Task input Start Marker
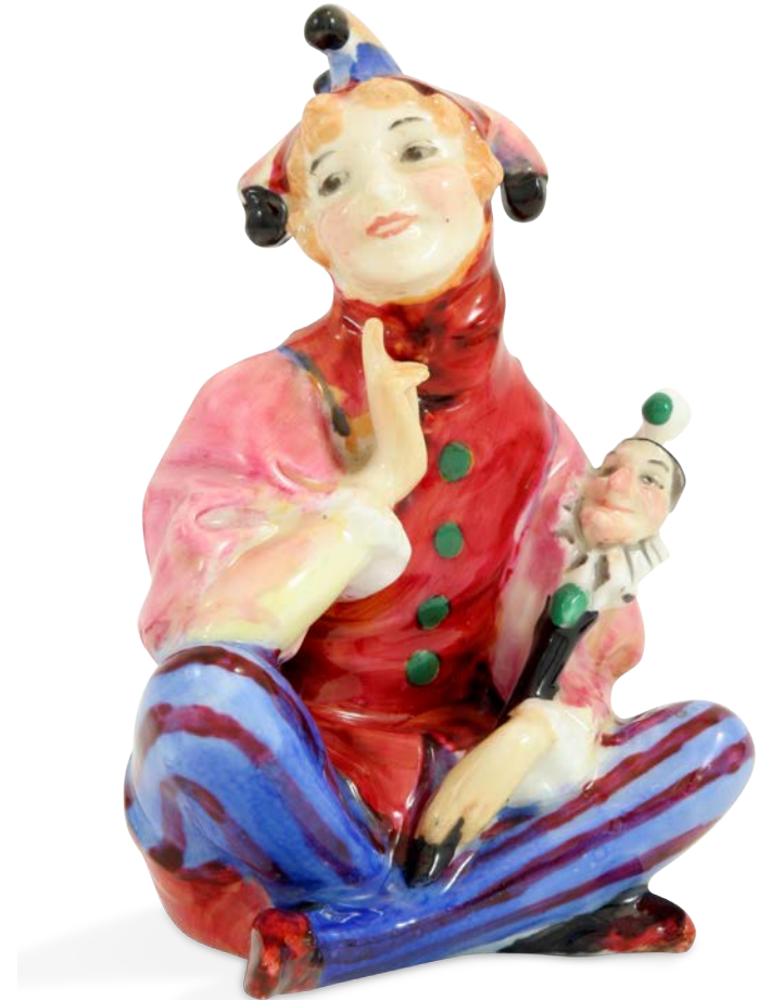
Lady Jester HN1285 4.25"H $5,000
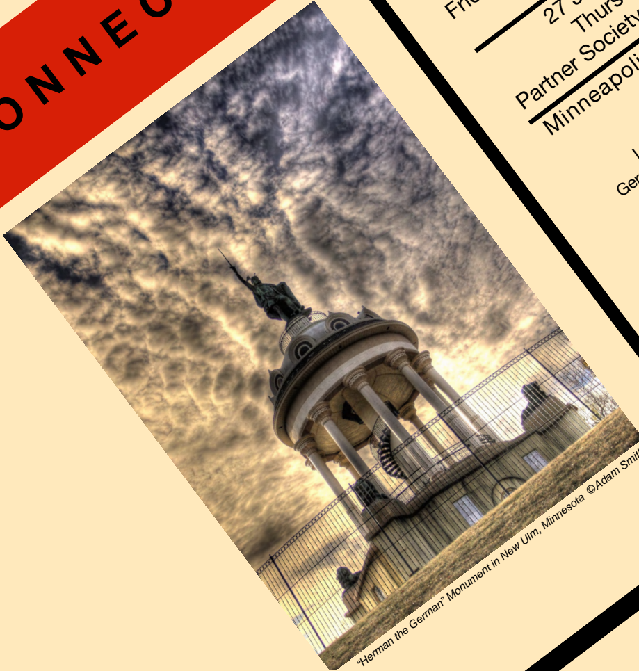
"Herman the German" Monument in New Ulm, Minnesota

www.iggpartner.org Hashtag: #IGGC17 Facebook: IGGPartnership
Task input End Marker
Task input Start Marker
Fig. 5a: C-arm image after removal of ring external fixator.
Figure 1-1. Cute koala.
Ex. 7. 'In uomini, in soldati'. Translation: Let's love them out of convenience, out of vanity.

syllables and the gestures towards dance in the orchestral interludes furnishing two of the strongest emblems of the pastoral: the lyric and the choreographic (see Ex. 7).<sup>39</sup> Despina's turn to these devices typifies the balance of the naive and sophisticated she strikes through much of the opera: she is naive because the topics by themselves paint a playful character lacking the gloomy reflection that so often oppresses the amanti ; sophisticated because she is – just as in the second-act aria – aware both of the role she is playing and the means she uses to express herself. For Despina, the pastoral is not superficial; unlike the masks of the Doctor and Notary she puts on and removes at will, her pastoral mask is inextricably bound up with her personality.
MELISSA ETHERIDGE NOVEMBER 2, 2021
Task input End Marker
Task input Start Marker
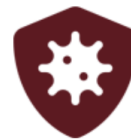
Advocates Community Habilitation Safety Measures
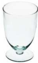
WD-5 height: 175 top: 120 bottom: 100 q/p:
Task input End Marker
Task goal:
Given the records above, return the lines starting at the one that holds "Lady Jester HN1285" and ending at the one that holds "www.iggpartner.org Hashtag: #IGGC17", exactly, and nothing besides; leave every picture out.

Completed task:
Lady Jester HN1285 4.25"H $5,000
"Herman the German" Monument in New Ulm, Minnesota

www.iggpartner.org Hashtag: #IGGC17 Facebook: IGGPartnership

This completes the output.